— Ваня, а ты не молчи, говори. Все будет легче.
— Не дрожи раньше времени, — с легким раздражением промолвил Иван Егорыч. — Вот когда враг приметит да трахнет, тогда держись, Марфа Петровна.
— Ваня, не накликай беды.
Неожиданно загудел вражеский самолет, и скоро в небе повисла гирлянда ракет. Свет от ракет до того был ярок, что Марфе Петровне казалось, что она насквозь просвечивается. Она опустила голову и утопила свое лицо в узелок с бельем. Анна Павловна, зажмурившись, сидела рядом с Марфой Петровной. В эту минуту ей хотелось вернуться на левый берег и уехать в колхоз к Машеньке. Иван Егорыч, полусклонившись, видел все: и людей, и лодки, и трубы затонувших баркасов. «Все на виду», — думал он. «Выглядывай, целься, стреляй». Послышался противный вой мины.
— Заметили, сволочь, — выругался Иван Егорыч.
— Потише говори, — просила Петровна.
— Теперь, мать, можно и кричать, и орать.
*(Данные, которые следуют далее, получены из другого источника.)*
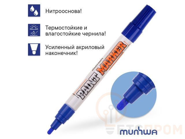 Маркер перманентный на основе жидкой краски MUNHWA Industrial синий (IPM-02) предназначен для использования на всех типах производственных поверхностях: металл, дерево, резина, бетон, стекло, кожа и др. Сферы применения маркер-краски Industrial: металлообработка, деревообработка, строительство, сварочные цеха, автомобилестроение, судостроение, ремонтные работы и многие другие. Высокая укрывистость: краска ложится ярким, плотным, лаковым слоем и закрашивает поверхность с первого раза. Водостойкие и термостойкие чернила (Термообработка: белый цвет - до +1 000°С, остальные цвета - до +500°С), устойчивость к механическим воздействиям. Подходит для нанесения надписей на разогретые до +130°С поверхности. Клапанный механизм пишущего узла исключает растекание и разбрызгивание краски, преждевременное пересыхание маркера, срок годности 5 лет. Усиленный наконечник из акрила обладает высокой прочность и износостойкостью. Устойчив к воздействию высоких температур. Колпачок в цвет краски для быстрой идентификации маркера.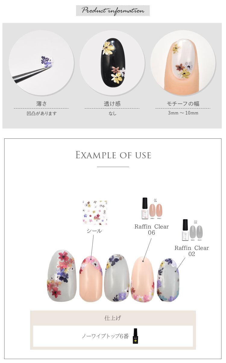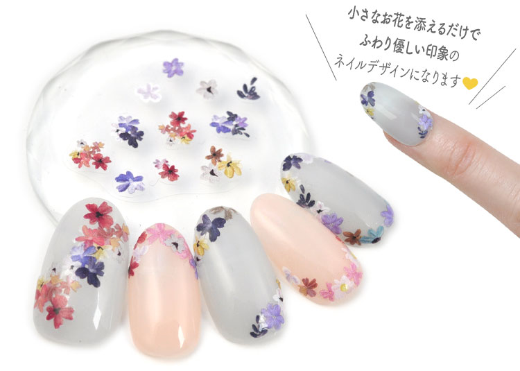 | floral memories 指先に咲く小さな花園 自然に咲いているお花を摘み取り押し花にした様な小さなお花のネイルシールです 小さなお花を添えるだけでふわり優しい印象のネイルデザインになります-------------------------------------- 薄さ:凹凸があります 透け感:なし モチーフの幅:3mm〜10mm | |
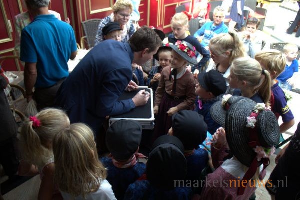 Dieka van de Kruusweg stond vandaag in het teken van het 60-jarig jubileum van de Kindergroep van de Folkloristische Vereeniging Markelo. Het jubileum dat de naam ‘Maarkels Diamant’ droeg stond oorspronkelijk gepland in het openluchttheater ‘De Kösterskoele’. Het Markelose uitgaanscentrum was een goed alternatief. De vele aanwezige oud-leden van de Kindergroep konden in de koepel bij Dieka bij een uitgebreide fotoreportage van alle Markelose kindergreoepen uit de jaren 1957-2017 herinneringen ophalen. Door de huidige Kindergroep werd tweemaal een poging gedaan om een record neer te zetten. Met 92 danskoppels wilden ze het record Twee emmertjes water halen gaan verbeteren. De Grosmeijers, Stonegood en kinderdansgroepen uit Diepenheim en Emmen zorgden voor geweldige optredens tijdens het 60-jarig jubileumfeest. Een springkussen en een goochelaar zorgde voor passend kindervermaak.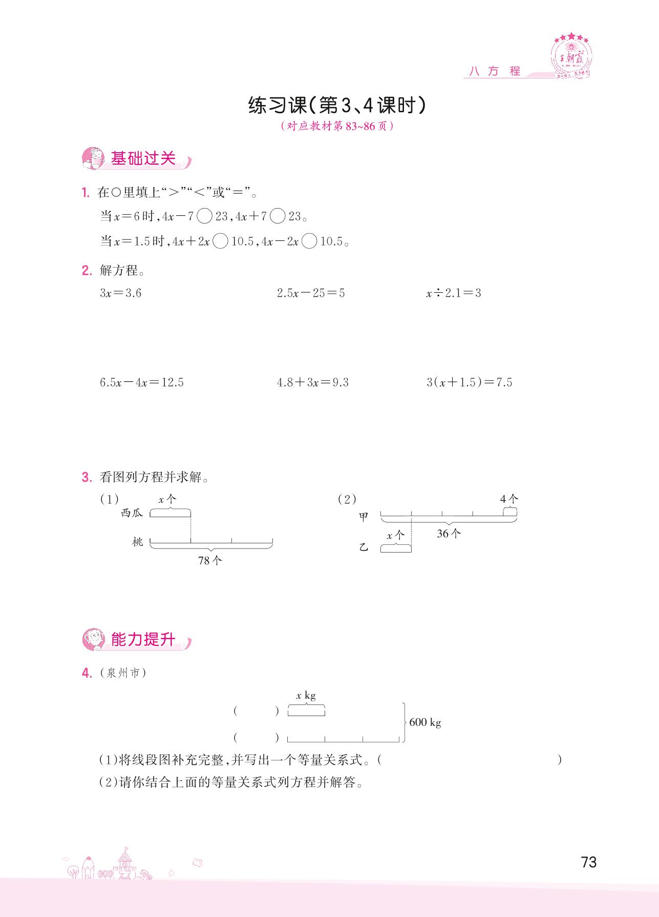 2022上册五年级数学冀教版 八 方程——练习课(第3、4课时)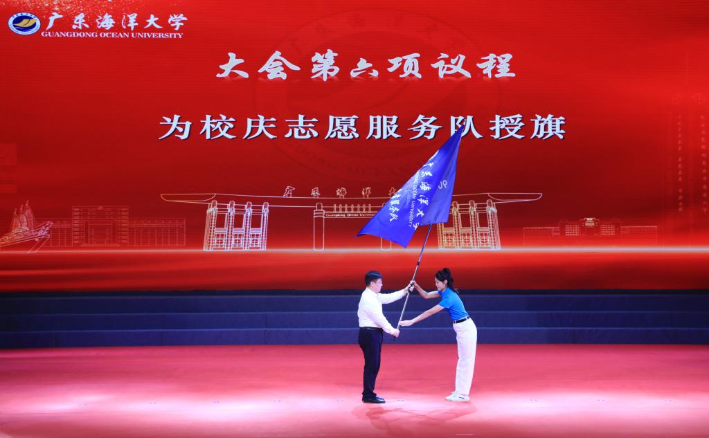 为做好90周年校庆和校友服务工作,学校专门成立了校庆志愿者服务队,为校庆和校友工作提供更加高质高效的服务。仪式上,杨洲为校庆志愿者服务队授旗。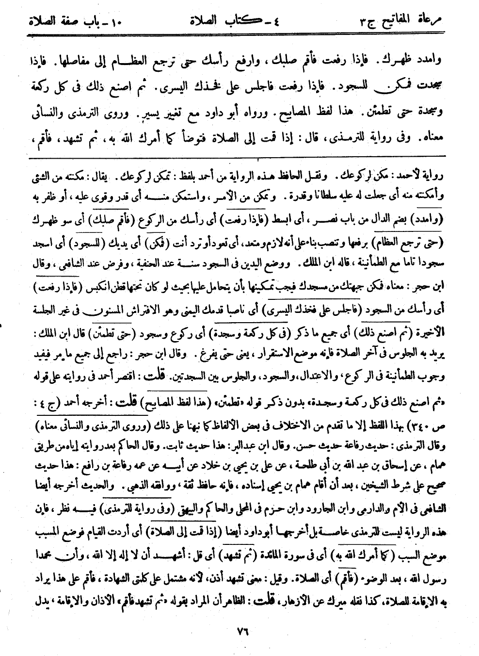 وامدد ظهرك. فإذا رفعت فأقم صلبك، وارفع رأسك حتى ترجع العظام إلى مفاصلها. فإذا سجدت فمكن للسجود. فإذا رفعت فاجلس على فخذك اليسرى. ثم اصنع ذلك في كل ركعة وسجدة حتى تطمئن)) . هذا لفظ المصابيح. ورواه أبوداود مع تغيير يسير. وروى الترمذي والنسائي معناه. وفي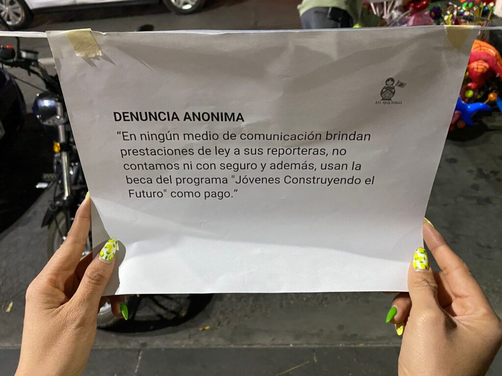 «En ningún medio de comunicación brindan prestaciones de ley a sus reporteras, no contamos ni con seguro y además, usan la beca del programa ‘Jóvenes Construyendo el Futuro’ como pago”, se lee en una de las denuncias.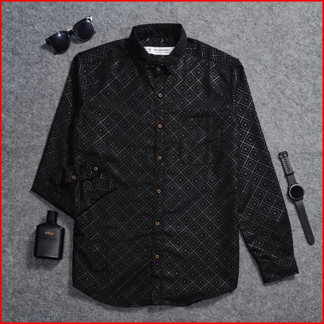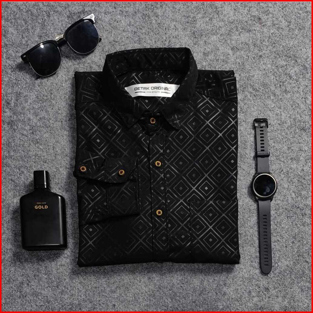 Detak Original Kemeja Embos Sultan Pria Lengan Panjang Hitam Diamond Casual Slimfit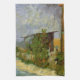 Montmartre Path with Sunflowers by Vincent van Gogh is a vintage fine art post impressionism architectural painting featuring a road lined with sunflowers, a picket fence and houses.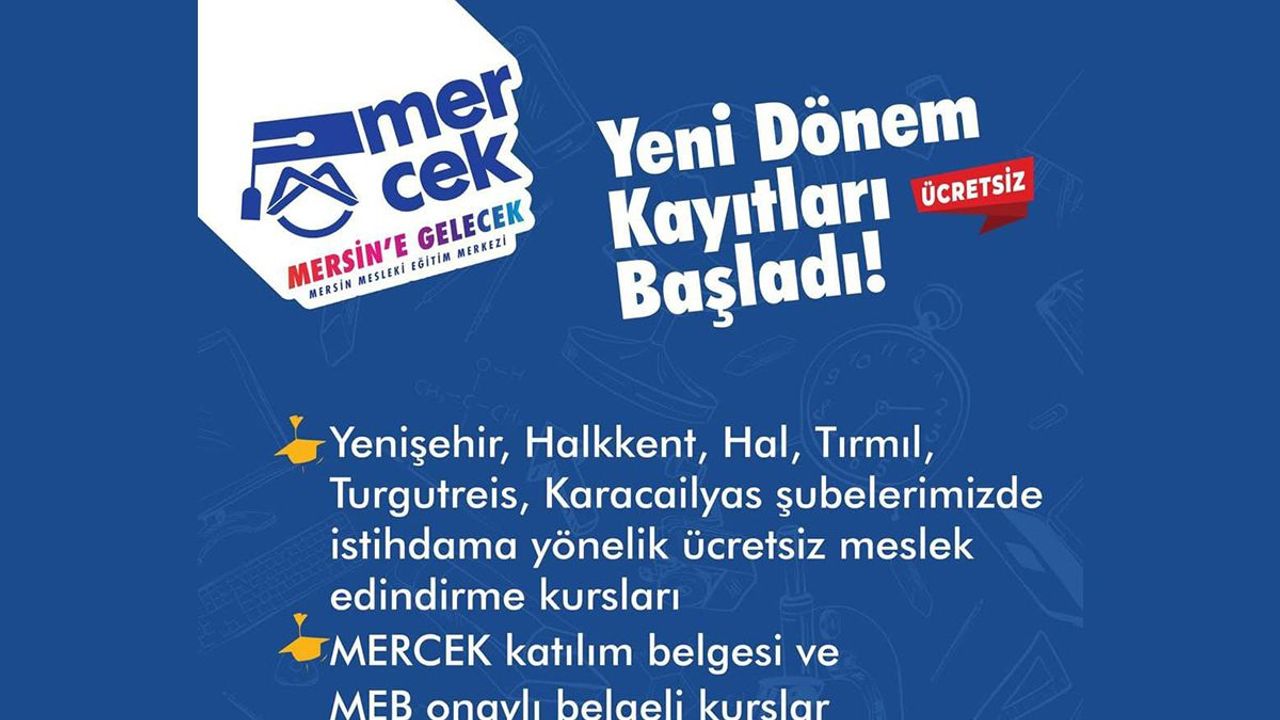 MERCEK Mesleki Eğitim Merkezlerinde açılacak kurslar arasında; Giyim Üretim Teknolojileri (Dikiş), Hasta ve Yaşlı Bakımına Destek Elemanı Eğitimi, Barista (Kahve Yapımı ve Sunumu), Saç Kesim Teknikleri, Çelik Kaynakçısı, İnşaat Boyacısı, Makine Bakım ve Onarım, Mobilya İmalatı ve Montajı, Çanta Yapımı, Makyaj Uygulayıcısı, Bilgisayar Sistem Bakım ve Onarım ile Bilgisayar İşletmenliği yer alıyor. Kurslar kontenjanla sınırlı olup ön başvurular online olarak alınacak. Eğitimler; Yenişehir, Halkkent, Hal, Tırmıl, Turgutreis ve Karacailyas şubelerinde gerçekleştirilecektir. Katılımcılara meslek edindirme imkanı sunulan kursları başarıyla tamamlayanlara MERCEK Katılım Belgesi ve Milli Eğitim Bakanlığı (MEB) onaylı sertifika verilecektir. Başvurular, 4 Şubat 2026 Çarşamba günü başlayacak ve 7 Şubat 2026 Cumartesi günü saat 17.00’de sona erecektir. Detaylı bilgi ve başvuru işlemleri mercek.mersin.bel.tr adresi üzerinden yapılabilecek. Mersin Büyükşehir Belediyesi, bu ücretsiz kurslara tüm vatandaşları davet etti.

Погасли ракеты, и Волгу залила тьма. Но так было недолго. Река вновь засверкала взрывами.
— Вот как! — сердито произнес Иван Егорыч, как будто хотел позлить врага. — Давай-знай бесись, сволочь. Все равно пойдем своим курсом.
Раздался новый взрыв, вскинувший глыбы воды. Вода окатила Лебедевых. Иван Егорыч сказал:
— Алеша, отливай. Петровна, помогай. А ты, Аннушка, правь.
Мины то не долетали, то перелетали, но падали близко к лодкам, следовавшим одна за другой. Иван Егорыч шепнул Алеше:
— Ощупай борта.
Алеша с живой готовностью принялся исполнять приказание деда. Не прошло и минуты, как Алеша испуганно прошептал:
— Дедушка, две пробоины. Одна большая, другая — поменьше.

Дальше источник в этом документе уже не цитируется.